India wants to implement its Food Security Scheme by providing food entitlements at subsidized rates to 2/3rd of its population. To realize this, the government will have to procure a huge quantity of grains from farmers. The government procures grains at certain MSPs. However, WTO norms under the Agreement on Agriculture may hamper the plan as the rules set a subsidy cap of 10% of the value of production for developing countries. India is already inching closer to that limit. If India breaches that limit it would create dispute and may be dragged to the WTO Disputes Settlement Body.
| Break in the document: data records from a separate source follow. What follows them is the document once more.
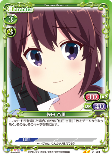 | このカードが登場した場合、自分の「佐田 杏里」1枚をゲームから取り除く。その後、そのキャラを場に出す。 | ||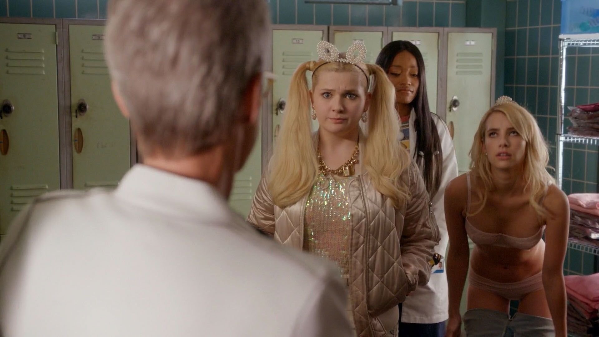 Новые скриншоты и клип с Эммой Робертс (в роли Шанель Оберлин) из Королевы ужаса (2016) s02e01. Эмма Робертс — американская актриса и певица. Возраст: 25 (10 февраля 1991).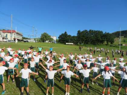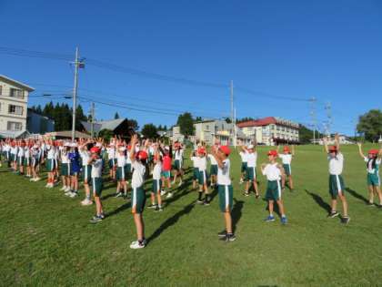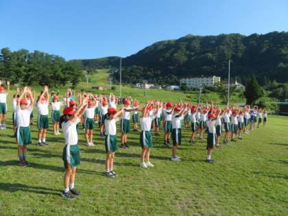 ラジオ体操で目をさましましょう。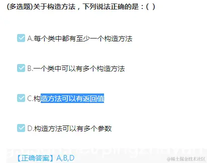 • 在构造方法里不含返回值的概念是不同于 “void” 的,在定义构造方法时加了 “void” ,结果这个方法就不再被自动调用了。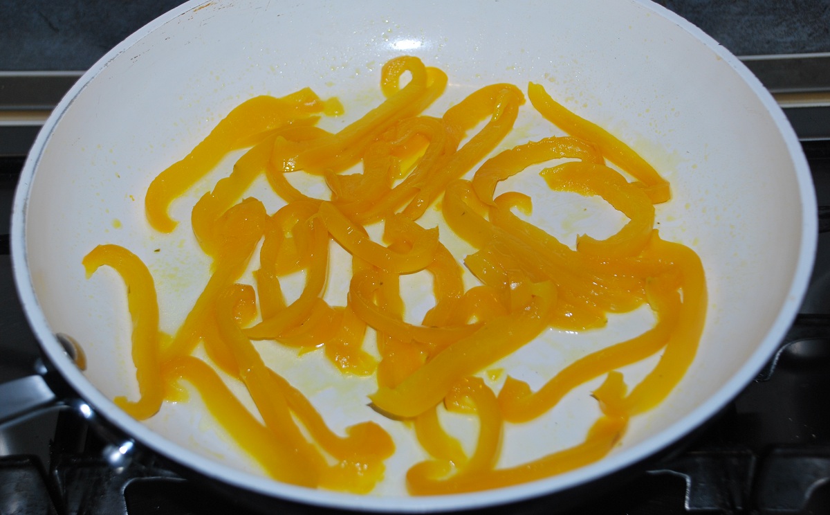 Tagliate il peperone a listarelle e lo fate cuocere in una padella con un po’ d’olio, acqua e sale.

The ‘Peace Clause’ proposed by the WTO general-secretary offers an interim solution by allowing the developing countries to offer subsidies to farmers that are currently prohibited under WTO norms. The clause will restrict other WTO members from seeking penalties and facilitating the government to procure grains at MSPs and sell them at subsidized rates through Public Distribution System (PDS).

What is the problem then?

 There is catch in this ‘peace Clause’ : While developing countries can provide WTO-prohibited subsidies to farmers without inviting any dispute under the Agreement on Agriculture, developed countries will have the right to drag these countries to the WTO Disputes Settlement Body, under the Agreement on Subsidies and Countervailing Measures. This would render the peace clause null-and-void. There is also lack of clarity on when the proposed Peace Clause will expire and in case there arrives no solution or agreement at the eleventh Ministerial conference, the protection from the Peace Clause will end and its extension will be have to be renegotiated — a contingency India doesn’t want.

What is Minimum Support Price?

The Minimum Support Price (MSP) Scheme is a scheme of the Government of India (GOI) to safeguard the interests of the farmers. Under this Scheme the GOI declares the minimum support Prices of various agricultural produces and assures the farmers that their agricultural produce will be purchased at the MSP, thereby preventing its distress sale. The Food Corporation of India (FCI) acts as the Nodal Agency of the GOI.